State Key Laboratory of Medical Genomics, Ruijin Hospital, Shanghai Jiao Tong University School of Medicine, Shanghai, China.
Heart. 2012 Oct;98(20):1483-91. doi: 10.1136/heartjnl-2012-302085. Epub 2012 Jun 11.
The association between matrix metalloproteinase (MMP) family gene polymorphisms and coronary artery disease (CAD) has been widely evaluated; however, the studies have yielded contradictory results. The authors sought to investigate this inconsistency by performing a comprehensive meta-analysis on MMP family genes.
Articles were identified by searches of PubMed, HuGE Navigator, EMBASE, Wanfang, and China Biological Medicine databases before January 2012, and by hand searches of bibliographies of retrieved articles and reviews.
Qualified articles were retrospective or nested case-control studies of MMP family gene polymorphisms and CAD. A total of 11 polymorphisms from five MMP family genes were meta-analysed. Forty-eight articles encompassing 59 studies fulfilled the predefined criteria.
Data were independently extracted from qualified articles by two reviewers using a standardized Excel template and were verified. Any disagreement was adjudicated by discussion and a consensus was reached.

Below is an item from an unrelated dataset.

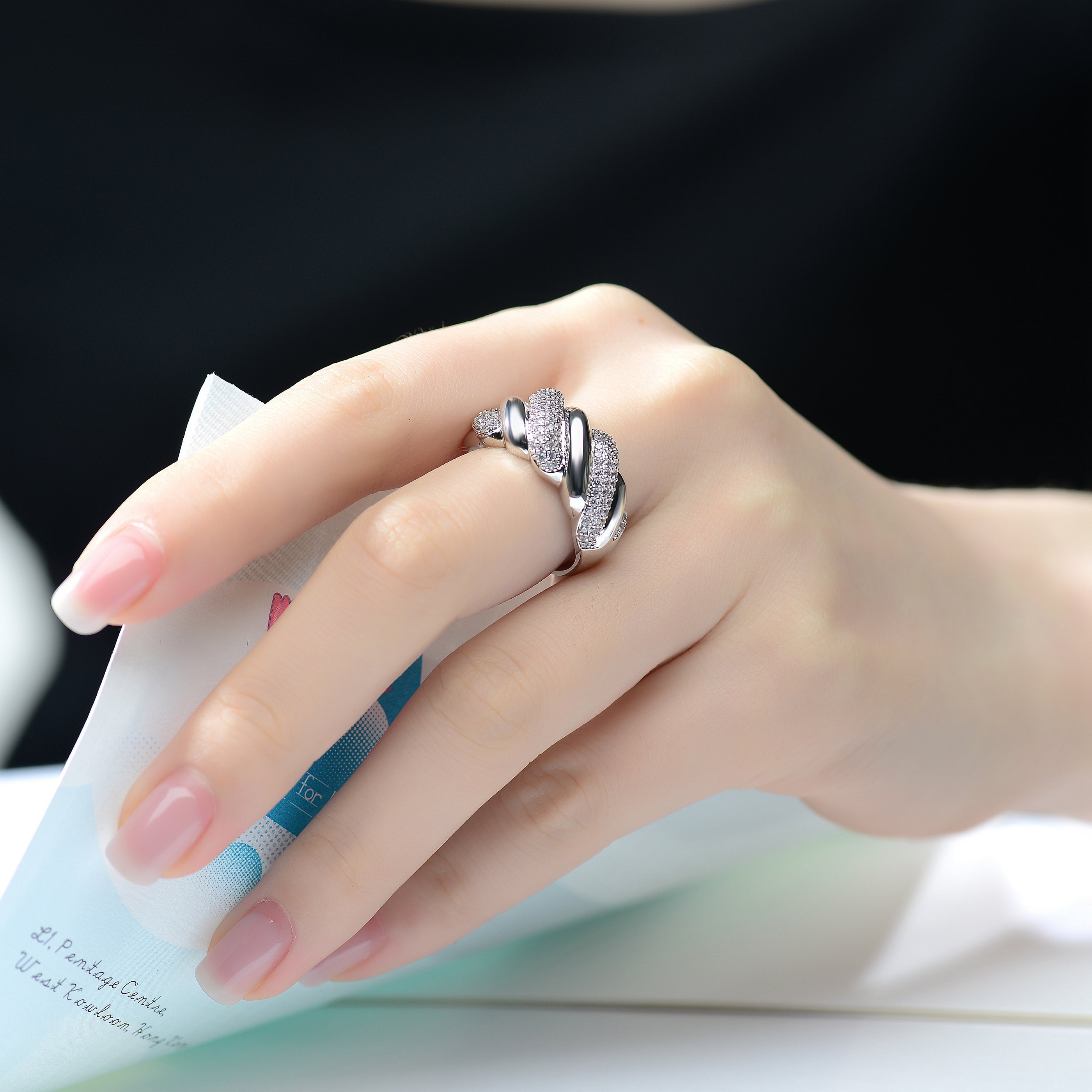 - Wavy twisted band ring design

Overall significant associations were observed for Glu45Lys in MMP3 gene under both allelic (OR: 1.52; 95% CI 1.3 to 1.76; p<0.001) and dominant (1.37; 1.23 to 1.54; <0.001) models, and for -1562C/T in MMP9 gene under allelic model (1.11; 1.02 to 1.2; 0.012). Subgroup analyses demonstrated that sources of study heterogeneity stemmed from the CAD endpoint for -519A/G, -1612 6A/5A, Glu45Lys, from the descent of study populations for -1607GG/G, -1612 6A/5A, -790T/G, -1562C/T, from the study design for -1607GG/G, -1612 6A/5A, -1562C/T, and from the selection of controls for -1306C/T, -1562C/T, Arg279Gln. In meta-regression analyses, effect of -1612 6A/5A on CAD was ethnicity-specific (coefficient: 0.21; p=0.048), and this effect was more prominent for myocardial infarction patients or East Asians.

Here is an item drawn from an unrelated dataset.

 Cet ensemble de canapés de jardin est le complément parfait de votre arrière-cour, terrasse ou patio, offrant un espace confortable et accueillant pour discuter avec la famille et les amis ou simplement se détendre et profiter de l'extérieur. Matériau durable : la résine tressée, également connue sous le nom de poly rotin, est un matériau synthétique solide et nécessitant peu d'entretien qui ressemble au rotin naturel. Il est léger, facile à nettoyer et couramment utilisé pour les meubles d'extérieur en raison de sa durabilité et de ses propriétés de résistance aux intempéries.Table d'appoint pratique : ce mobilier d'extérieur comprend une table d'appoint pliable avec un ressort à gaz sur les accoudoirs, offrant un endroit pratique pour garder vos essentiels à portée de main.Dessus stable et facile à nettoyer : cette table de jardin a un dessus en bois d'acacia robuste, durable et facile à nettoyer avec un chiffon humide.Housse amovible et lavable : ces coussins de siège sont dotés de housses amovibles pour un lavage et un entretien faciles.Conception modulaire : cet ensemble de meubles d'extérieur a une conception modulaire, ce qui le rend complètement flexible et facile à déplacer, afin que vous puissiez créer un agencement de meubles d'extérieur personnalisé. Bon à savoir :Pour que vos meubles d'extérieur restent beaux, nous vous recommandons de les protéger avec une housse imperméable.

The results provided strong evidence regarding the susceptibility of MMP3 and MMP9 genes to the development of CAD. Future studies incorporating gene-gene and gene-environment interactions are encouraged.
基质金属蛋白酶(MMP)家族基因多态性与冠状动脉疾病(CAD)之间的关联已得到广泛研究;然而,这些研究结果存在矛盾。作者试图通过对 MMP 家族基因进行综合荟萃分析来研究这种不一致性。
文章通过检索 PubMed、HuGE Navigator、EMBASE、万方和中国生物医学文献数据库,检索了 2012 年 1 月之前的文献,并通过检索文章和综述的参考文献进行了手工检索。
合格的文章是 MMP 家族基因多态性与 CAD 的回顾性或嵌套病例对照研究。对五个 MMP 家族基因中的 11 个多态性进行了荟萃分析。共有 48 篇文章涵盖了 59 项研究符合预定标准。
两位评审员使用标准化的 Excel 模板独立地从合格文章中提取数据,并进行验证。任何分歧都通过讨论进行裁决,并达成共识。
在 MMP3 基因的Glu45Lys 中,在等位基因(OR:1.52;95%CI 1.3-1.76;p<0.001)和显性(1.37;1.23-1.54;<0.001)模型下均观察到总体显著关联,在 MMP9 基因的-1562C/T 下在等位基因模型下观察到总体显著关联(1.11;1.02-1.2;0.012)。亚组分析表明,研究异质性的来源源于 -519A/G、-1612 6A/5A、Glu45Lys 的 CAD 终点,-1607GG/G、-1612 6A/5A、-790T/G、-1562C/T 的研究人群下降,-1607GG/G、-1612 6A/5A、-1562C/T 的研究设计,-1306C/T、-1562C/T、Arg279Gln 的对照选择。在多元回归分析中,-1612 6A/5A 对 CAD 的影响具有种族特异性(系数:0.21;p=0.048),并且这种影响在心肌梗死患者或东亚人中更为明显。
结果为 MMP3 和 MMP9 基因对 CAD 的易感性提供了强有力的证据。鼓励进行纳入基因-基因和基因-环境相互作用的未来研究。